Some passionate and eloquent liberals have bemoaned the state of inclusiveness among Jews today. Leon Wieseltier, editor of the New Republic, penned an angry piece “J Street’s Rejection Is a Scandal” about the exclusion in 2014 of J Street from the Conference of Presidents of Major American Jewish Organizations. Angry voices are again being heard about J Street due to their position in favor of the Iranian nuclear deal promoted by the Obama administration. Is Wieseltier correct in that we only seek to hear our own voices and that “the orthodoxies and the bubbles and the closed loops and the echo chambers are everywhere?” Is there a “red line” that J Street and others have crossed and therefore deserve to be excluded from the broad tent of acceptable conversation?
Individual Hate Speech
Many countries have laws that ban hate speech. Sometimes the exact language is clearly spelled out about what cannot be said publicly and sometimes it is more general in nature.
For example, several European countries, including Germany, have laws that prohibit Holocaust denial. Those countries took such steps not simply because such expressions offend Jews, but because of the continent’s failure to step in and protect Jews which led to their slaughter. Silence became complicity which must never be allowed to happen again.
For its part, the United Nations Human Rights Council adopted Resolution 16/18 whose goal is “Combating Intolerance, Negative Stereotyping and Stigmatization of, and Discrimination, Incitement to Violence and Violence Against, Persons Based on Religion or Belief.” The resolution was drafted principally at the behest of Islamic countries who were worried about the spread of “Islamophobia.”
The various laws against hate speech all seek to curtail an incitement to violence and harm. The banned speech relates to a specific group of people (ie. Muslims) and not a concept (for example, a religion like Islam). While a person can legally say disparaging remarks about a concept (“Communism is evil”), one risks breaking the law by attacking a group of people (“All Communists should be beaten up”).
Banned Groups
Hate Speech laws are typically drafted against individuals. However, laws are also drafted against groups that incite violence. Israel banned two political parties, Kach and Kahane Chai in 1994 as they were defined as terrorist organizations. The groups’ ideology was based on the teachings of Rabbi Meir Kahane who called for expelling Arabs from Israel, thereby running afoul of the premise of calling for negative actions against people. Israel has also banned some Arab parties from running in elections which supported terrorism.
BDS, Hamas and Iran
Liberals and J Street supporters feel that BDS (Boycott, Divestment and Sanctions), Hamas and the Iranian nuclear deal should be rightly within civil discourse. However, do these topics and groups support violence against people, or are they just broad discussions about policies and ideas?

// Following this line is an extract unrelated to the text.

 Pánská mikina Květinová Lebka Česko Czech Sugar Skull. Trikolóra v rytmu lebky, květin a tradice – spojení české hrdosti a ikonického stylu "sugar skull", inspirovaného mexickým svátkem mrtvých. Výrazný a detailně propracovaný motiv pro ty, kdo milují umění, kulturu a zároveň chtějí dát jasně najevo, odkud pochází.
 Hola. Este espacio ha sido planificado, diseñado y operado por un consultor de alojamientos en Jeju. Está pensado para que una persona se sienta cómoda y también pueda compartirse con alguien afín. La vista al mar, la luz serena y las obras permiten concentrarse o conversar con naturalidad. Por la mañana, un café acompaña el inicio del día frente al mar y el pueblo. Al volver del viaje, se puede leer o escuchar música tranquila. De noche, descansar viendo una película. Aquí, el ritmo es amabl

BDS: Reasonable people can arrive at different conclusions about Jewish settlements in Judea and Samaria. Some feel that all the settlements are completely legal as called for in international law in 1922, while others feel that Jews living east of the Green Line is against international law as recently stated by the UN Secretary General. Those competing viewpoints would fall within legal and acceptable conversation, both in public society and in an open-minded pro-Israel community.

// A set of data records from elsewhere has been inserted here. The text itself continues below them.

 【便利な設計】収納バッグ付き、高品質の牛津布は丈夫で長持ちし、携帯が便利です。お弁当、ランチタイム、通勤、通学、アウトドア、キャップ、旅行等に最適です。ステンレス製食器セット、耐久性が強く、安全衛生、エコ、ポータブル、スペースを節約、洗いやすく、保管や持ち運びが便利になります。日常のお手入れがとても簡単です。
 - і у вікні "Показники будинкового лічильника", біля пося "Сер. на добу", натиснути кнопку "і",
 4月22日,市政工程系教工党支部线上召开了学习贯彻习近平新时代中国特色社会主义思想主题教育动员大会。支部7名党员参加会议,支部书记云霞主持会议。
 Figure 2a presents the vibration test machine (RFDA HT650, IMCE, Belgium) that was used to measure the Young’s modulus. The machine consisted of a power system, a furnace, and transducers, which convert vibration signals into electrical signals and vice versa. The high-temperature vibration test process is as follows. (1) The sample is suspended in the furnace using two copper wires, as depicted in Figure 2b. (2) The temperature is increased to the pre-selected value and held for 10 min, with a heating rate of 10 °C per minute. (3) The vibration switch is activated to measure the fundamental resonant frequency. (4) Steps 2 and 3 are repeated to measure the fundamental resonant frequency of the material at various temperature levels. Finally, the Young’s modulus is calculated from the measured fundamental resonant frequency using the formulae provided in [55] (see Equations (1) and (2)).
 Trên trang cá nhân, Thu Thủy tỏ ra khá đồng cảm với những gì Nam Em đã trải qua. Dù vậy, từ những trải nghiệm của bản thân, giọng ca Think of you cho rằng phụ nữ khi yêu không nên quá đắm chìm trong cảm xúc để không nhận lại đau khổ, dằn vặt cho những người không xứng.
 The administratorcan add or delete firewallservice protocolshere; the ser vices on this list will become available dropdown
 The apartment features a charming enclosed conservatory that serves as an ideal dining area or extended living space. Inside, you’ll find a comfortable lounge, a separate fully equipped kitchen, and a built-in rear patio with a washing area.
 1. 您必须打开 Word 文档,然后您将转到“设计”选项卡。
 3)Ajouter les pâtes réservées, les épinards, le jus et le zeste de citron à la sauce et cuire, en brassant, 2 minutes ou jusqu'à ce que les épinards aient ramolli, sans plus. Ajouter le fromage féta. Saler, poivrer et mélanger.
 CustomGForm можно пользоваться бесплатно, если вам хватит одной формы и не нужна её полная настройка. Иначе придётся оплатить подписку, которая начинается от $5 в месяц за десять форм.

However, inciting hatred against settlers is inciting violence. Calling on the economic strangulation of Jews who legally purchased homes and businesses is akin to hate speech. As such, new laws are being passed which specifically outlaw supporting BDS.
Hamas: Hamas is a rabidly anti-Semitic organization that calls for the complete destruction of Israel. It has fired well over 10,000 rockets into Israel, killed thousands of people in hundreds of attacks. Since completely taking over Gaza in 2007, Hamas has engaged in three wars against Israel.
Supporting Hamas in any way is supporting terror. It should be banned completely in public society and in the pro-Israel tent.
Iranian nuclear deal: The Iranian nuclear agreement took various turns over the past several years. As Iran openly calls for the destruction of Israel, any group supporting Iran or helping Iran obtain weaponry would be supporting violence against Israel.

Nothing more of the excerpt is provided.